Recently, we have characterized the single-channel properties of three novel DHP- and GVIA-insensitive Ca2+ channels coexpressed in rat cerebellar granule cells (Forti et al., 1994). We have called these channels G1, G2, G3 (in which G stands for granule and 1, 2, 3 refer to the order of frequency with which they were observed), because their biophysical properties were different from those of both P- and T-type Ca2+ channels. G1, G2, and G3 showed some inactivation during long depolarizations and complete steady-state inactivation at voltages in which steady-state inactivation of P-type channels is negligible. We have now assessed the sensitivity of G1, G2, and G3 to ω-AgaIVA and MVIIC. Our results demonstrate that, according to pharmacological criteria, G2 and G3 are R-type Ca2+ channels, whereas G1 channels are P-type Ca2+ channels and represent a novel P subtype with biophysical properties distinct from the subtype expressed in Purkinje cells.
MATERIALS AND METHODS
Cell culture. Cerebellar granule cells were grown in primary culture after enzymatic and mechanical dissociation from 6- to 7-d-old Wistar rats according to the procedure of Levi et al. (1984). The cells were plated on poly-l-lysine-coated glass coverslips and kept in basal Eagle’s medium supplemented with 10% fetal calf serum, 25 mm KCl, 2 mm glutamine, and 60 μg/ml gentamycin. Cytosine arabinoside (10 μm) was added to the culture 18 hr after plating to inhibit the proliferation of non-neuronal cells. Granule cells were the large majority of the cells in the cultures and were morphologically identified by their oval or round cell body, small size, and bipolar neurites. Experiments were performed on granule cells grown from 5 to 8 d in vitro (DIV), with the majority of experiments at 6–7 DIV.

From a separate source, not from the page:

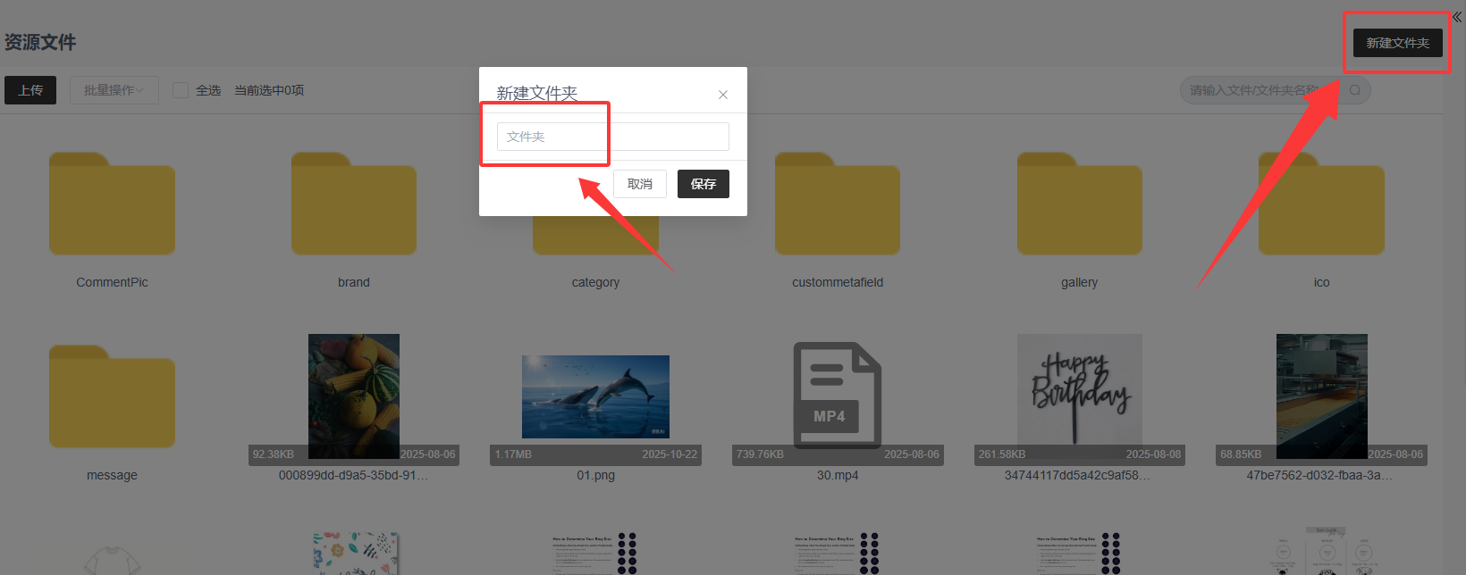 点击“新建文件夹”—填写文件夹名称—点击“保存”。

Patch-clamp recordings and data analysis. Single-channel and whole-cell patch-clamp recordings followed standard techniques (Hamill et al., 1981). Currents were recorded with a DAGAN 3900 patch-clamp amplifier, low pass-filtered at 1 kHz (−3 dB; 8-pole Bessel filter), sampled at 5 kHz, and stored for later analysis on a PDP-11/73 computer. Experiments were performed at room temperature (21–25°C).

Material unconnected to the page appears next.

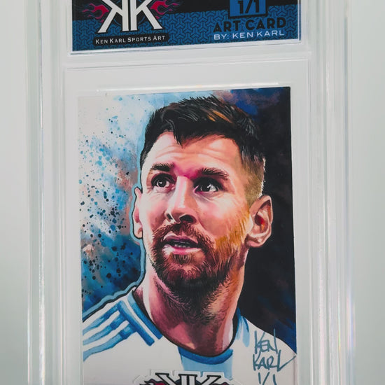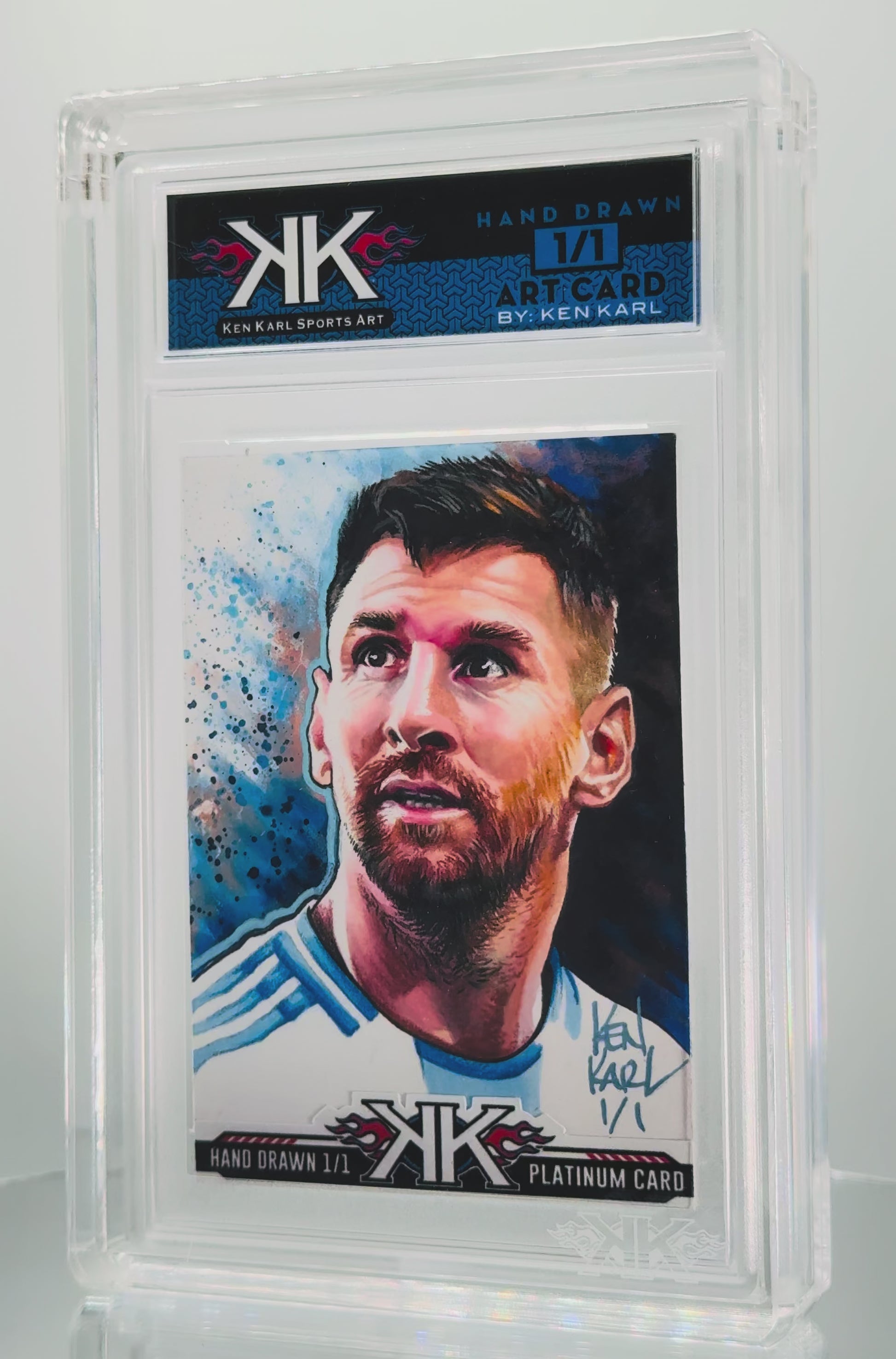 The GOAT! This is a HAND DRAWN 1/1 art card drawn DIRECTLY ON CARD. This is original artwork, created with markers, colored pencil and acrylic paint. It is NOT an AI image, NOT a PHOTOSHOP image... it is original hand created artwork, a mini-masterpiece and TRUE ONE of a KIND!

All single-channel recordings were obtained in the cell-attached configuration. Linear leak and capacitative currents were subtracted digitally from all records used for analysis. Current amplitude histograms were obtained from the data directly, with bin width equal to our maximal resolution (323.6 points/pA). For display, each histogram was normalized to the value of the zero current peak. Open probability, Po, was computed by measuring the average current 〈I〉 in a given single-channel current record and dividing it by the unitary single-channel currenti. To obtain activation curves, Povalues were calculated by averaging the open probabilities measured in each sweep at a given voltage only in segments with single-channel activity. In this case the values of Po reflect the voltage-dependent equilibrium between short-lived open and closed states in the activation pathway. Open-channel current amplitudes fori–V were measured by manually fitting cursors to well-resolved channel openings. A channel opening or closure was detected when more than one sampling point crossed a discriminator line at 50% of the elementary current. Histograms of open and closed times were fit with sums of decaying exponentials, as described in Forti and Pietrobon (1993).
The pipette solution contained (in mm): 90 BaCl2, 10 TEACl, 15 CsCl, and 10 HEPES, pH 7.4 (with TEAOH). The bath solution contained (in mm): 140 K-gluconate, 5 EGTA, 35 l-glucose, and 10 HEPES, pH 7.4 (with KOH). The high-potassium bath solution was used to zero the membrane potential outside the patch. In some experiments the bath solution contained 0.5–1 μm (+)-(S)-202-791. Liquid junction potential at the pipette tip was +12 mV (pipette positive), and this value should be subtracted from all voltages to obtain the correct values of membrane potentials in cell-attached recordings (Neher, 1992). For assessing the sensitivity of single channels to MVIIC, the toxin was usually added to both the pipette solution and the divalent-free bath solution. Cells were always incubated for at least 10 min in the presence of toxin before recording.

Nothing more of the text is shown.